** Exercise prompt **
In this exercise, retype exactly and only the lines from the top of the entries below through the line that holds "祝日の切り抜き紙メーデー労働六一祝日の母の父七夕教師の窓花国慶節中秋節重陽新年", omitting pictures.

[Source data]

- - - - - - -

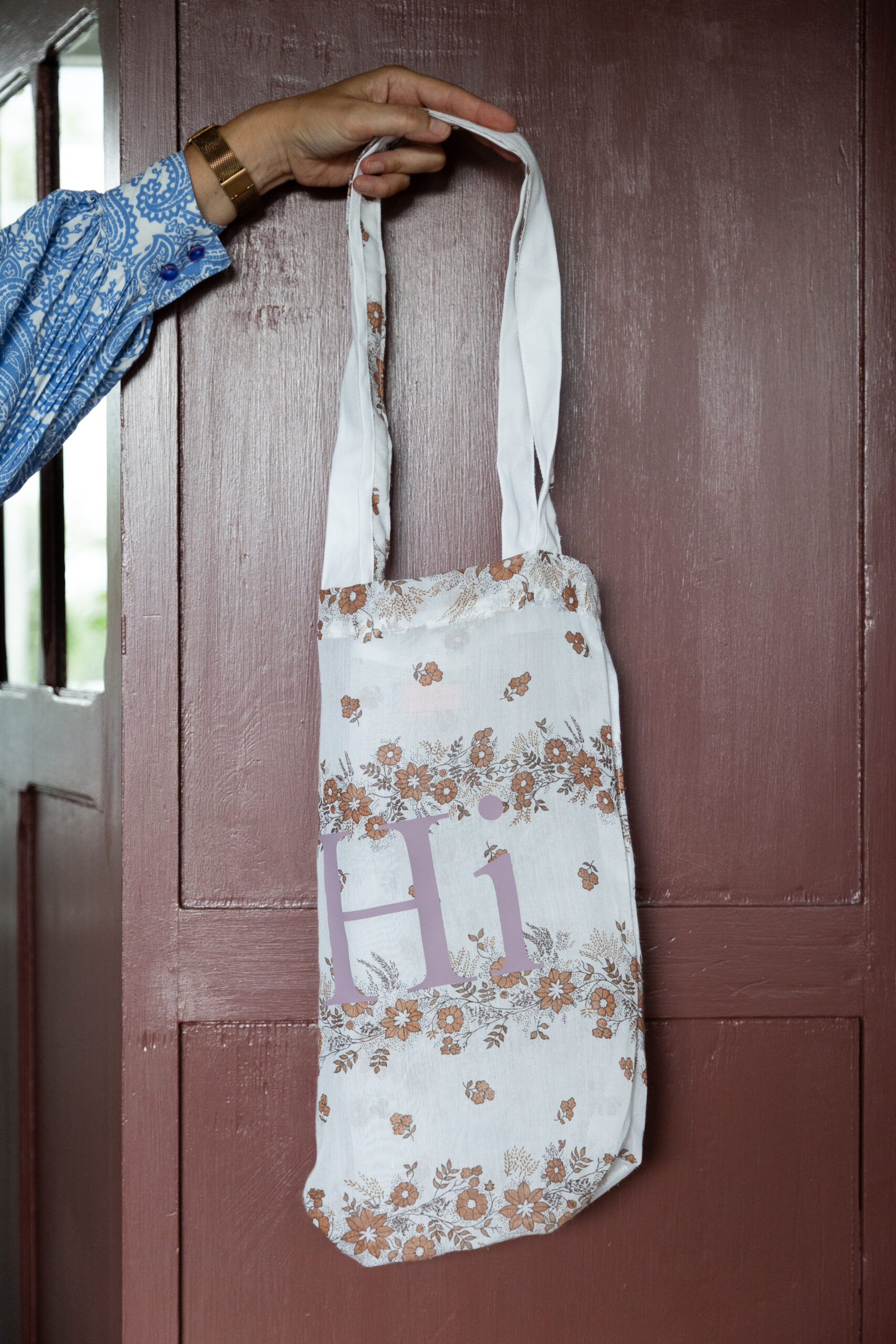 Tas gemaakt van een bruin gebloemde vitrage met opdruk Hi.
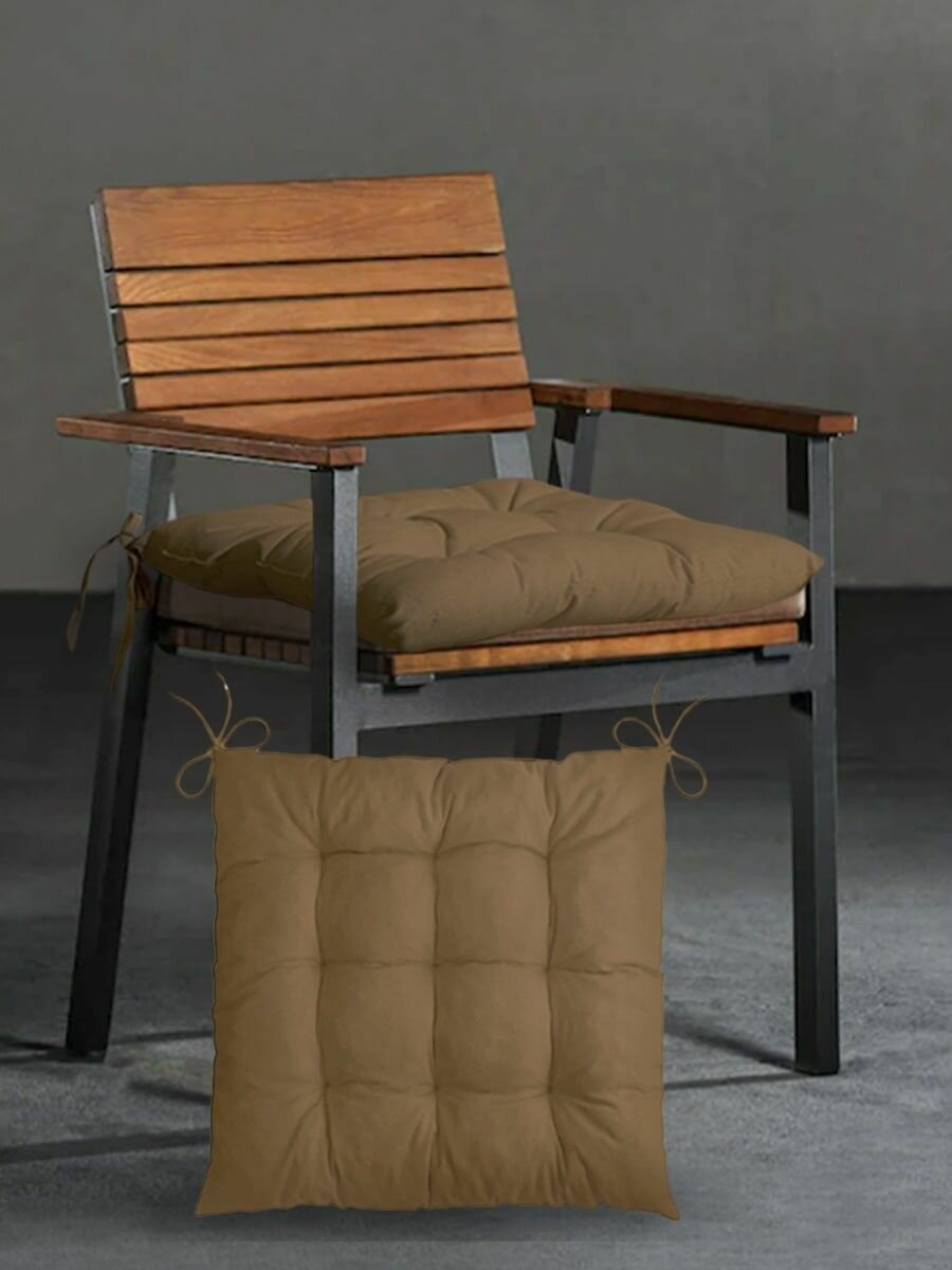 10 цен на Подушка на стул с завязками Classmark 40х40 см, 100% хлопок / объемная декоративная сидушка подстилка квадратная, коричневая
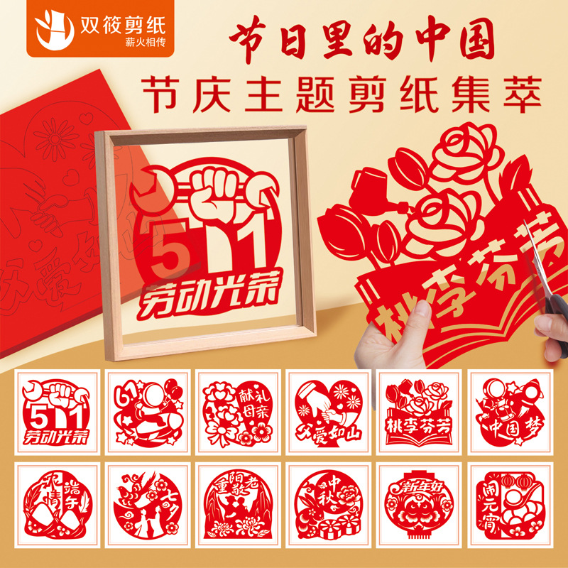 祝日の切り抜き紙メーデー労働六一祝日の母の父七夕教師の窓花国慶節中秋節重陽新年
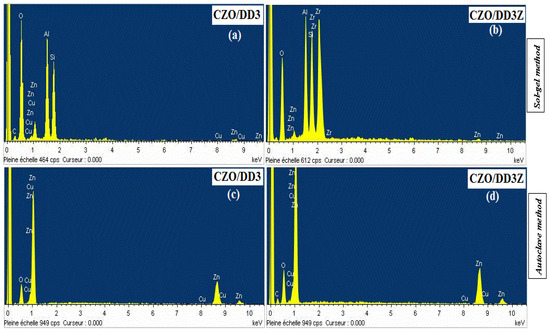 Adding MgO (Table 5) (DD3/MgO) introduces 0.97% Mg and increases Si to 23.71%, while in DD3Z/MgO [53], Mg is only 0.09%, but Zr is 5.75%. These changes demonstrate how the mixing method alters the ceramic composition, with some elements being incorporated more effectively than others [53]. When ceramics are used as a substrate [33,51], the predominant elements are typically silicon (Si), aluminum (Al), and zirconium (Zr). After depositing metal-oxide thin layers, such as zinc (Zn) and copper (Cu), these elements appear in small proportions [33,51]. Specifically, copper is detected in very low amounts when prepared using the sol–gel method (Figure 13) [33]. However, when employing the autoclave method, there is a notable absence of substrate elements, with high percentages of sedimentation elements like Zn and Cu observed instead. This discrepancy is attributed to the thickness of the deposited layers [51], which effectively masks the ceramic substrate [51]. It confirms the intentional doping of zinc oxide layers with copper, emphasizing the active role of these elements in the deposited layers. The table compares samples prepared by dip-coating and autoclave methods [33,51].
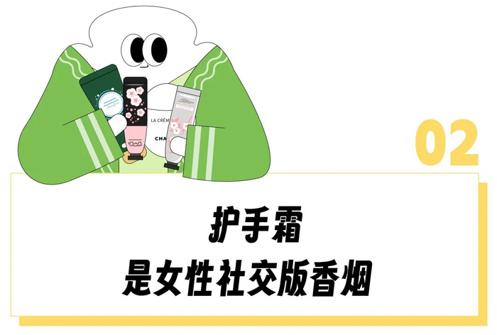 为了社交去抽烟怎么想都不划算,好在护手霜可以成为某种比香烟更高明的【社交工具】,当你想要两个女性熟起来,只需要一支护手霜。相同的味道,一样的体温,不臭还香对身体没有危害,护手霜社交既私密又体面。
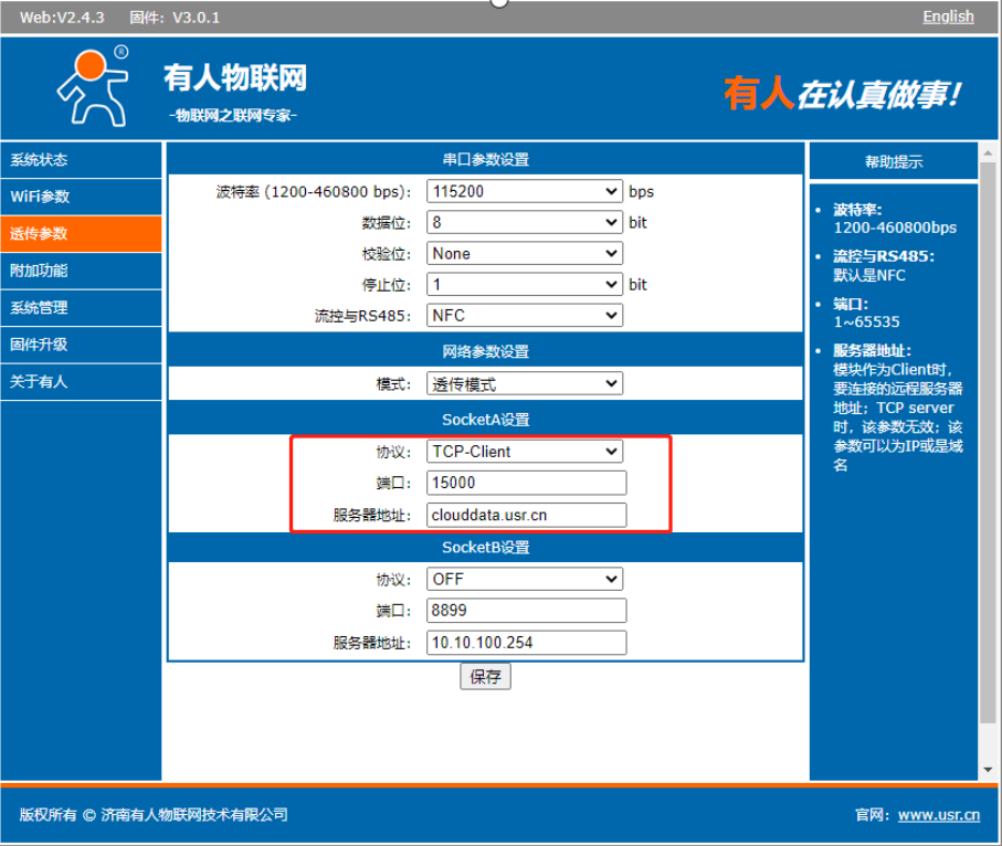 填寫地址clouddata.usr.cn,端口15000,點(diǎn)擊保存并選擇重啟。
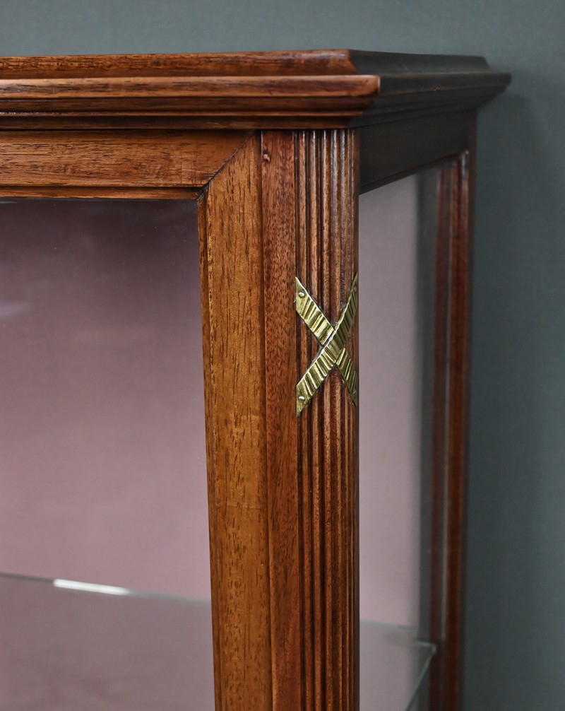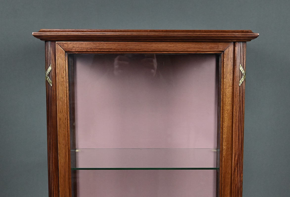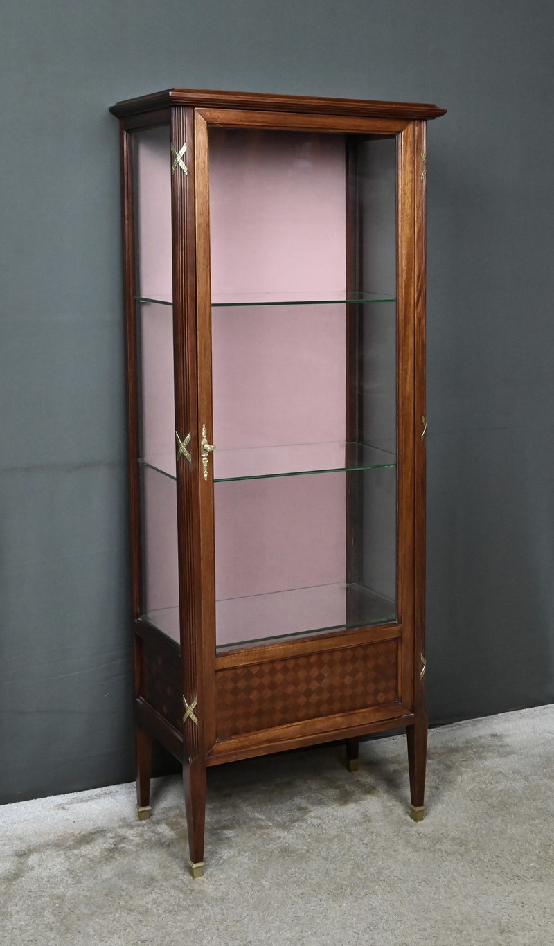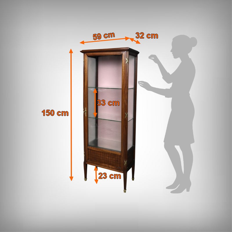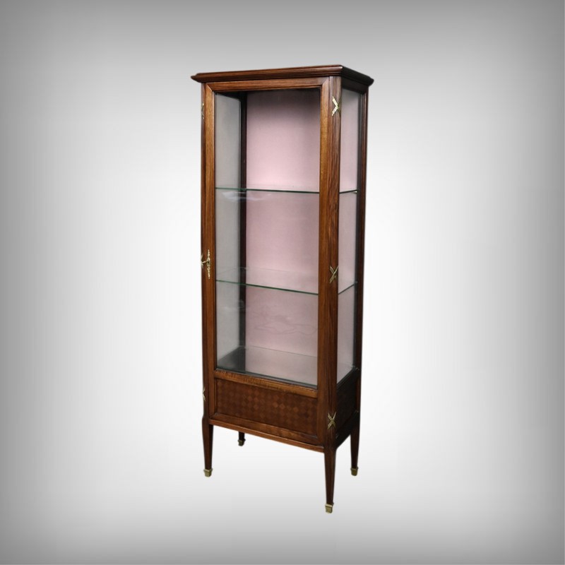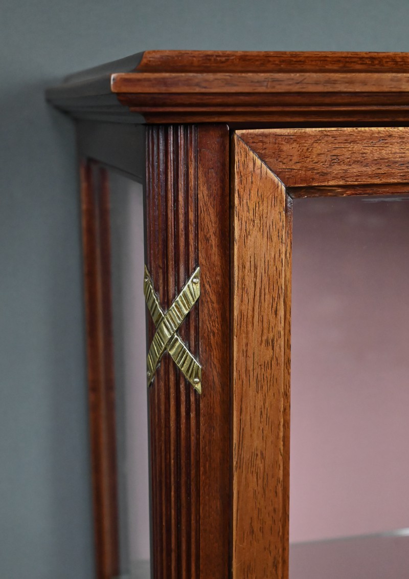 Le dessus présente un plateau mouluré, tandis que les montants cannelés sont ponctués de garnitures martelées formant des croix. Ils reposent sur des pieds fuselés terminés par des sabots en laiton. L’intérieur, garni d’un tissu rose délicat, accueille trois étagères en verre, idéales pour mettre en valeur objets d’art, porcelaines ou collections précieuses.
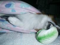 | お昼寝布団をたたんでおいたら自分でもぐって遊んでました。とってもお茶目なたんぽぽです。 |
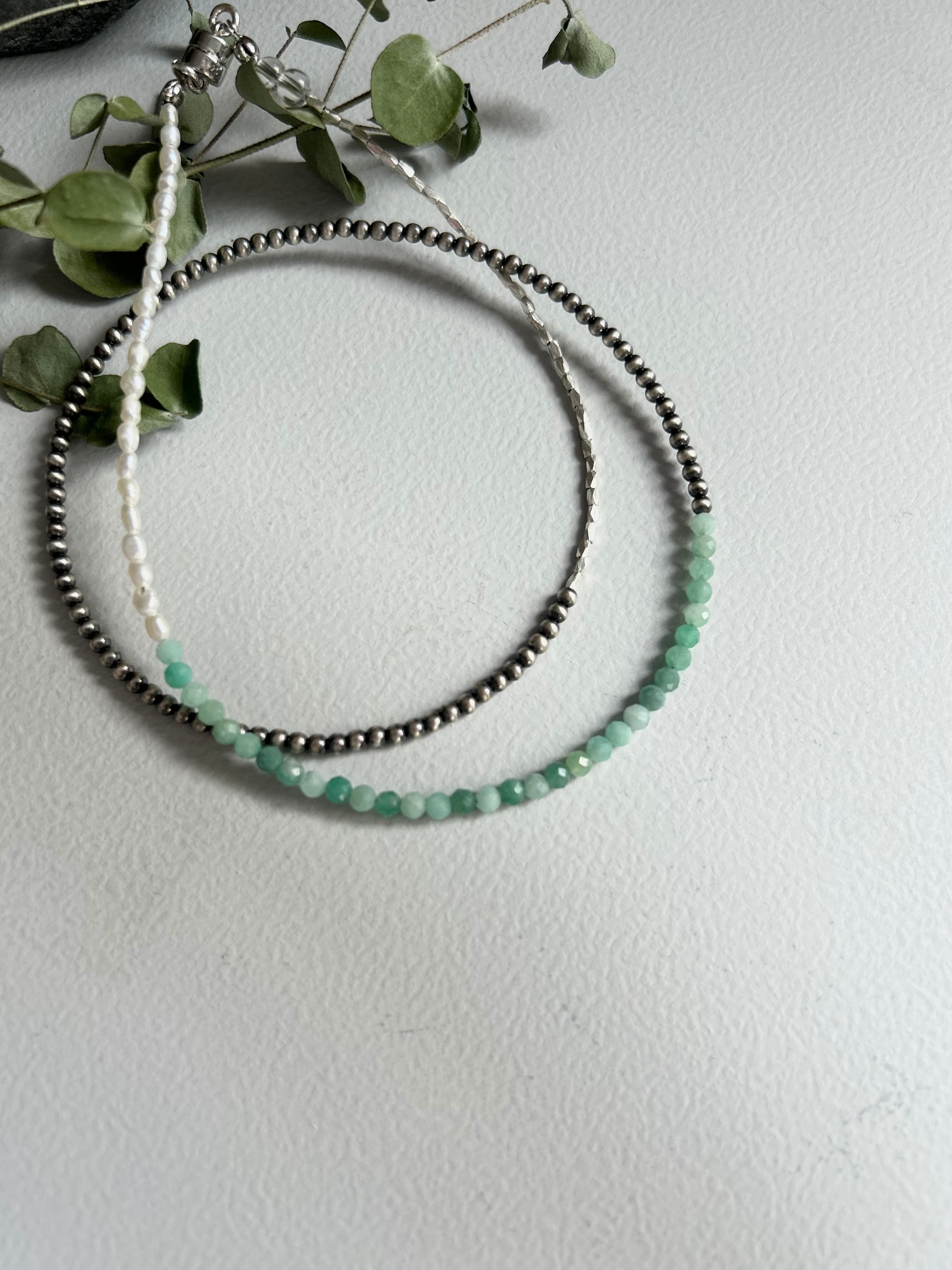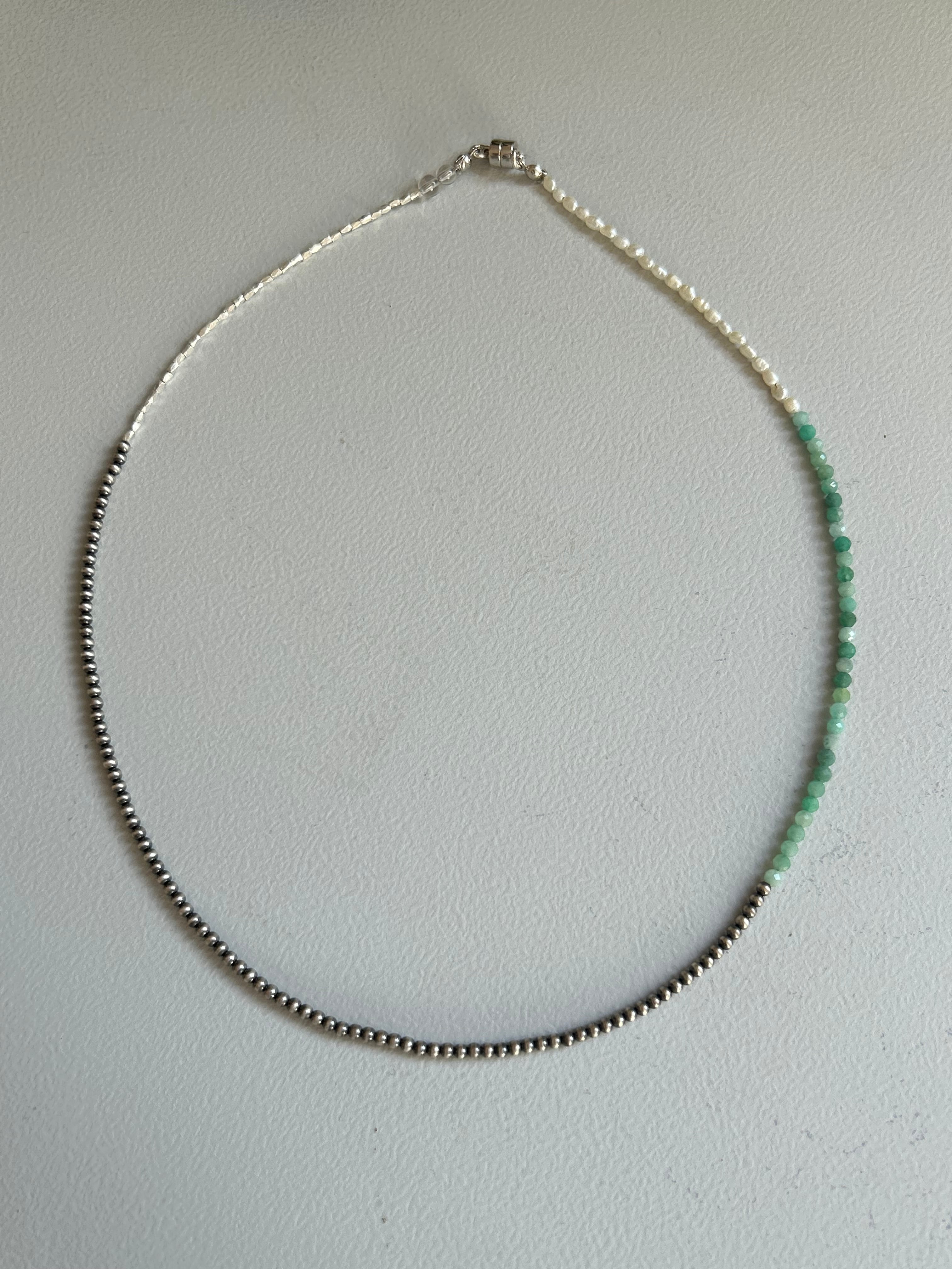 素材:2mmナバホパール、2mmエメラルド、ケシパール、4mm水晶、カレンシルバー

- - - - - - -

** Finished task **
 Tas gemaakt van een bruin gebloemde vitrage met opdruk Hi.
 10 цен на Подушка на стул с завязками Classmark 40х40 см, 100% хлопок / объемная декоративная сидушка подстилка квадратная, коричневая
 祝日の切り抜き紙メーデー労働六一祝日の母の父七夕教師の窓花国慶節中秋節重陽新年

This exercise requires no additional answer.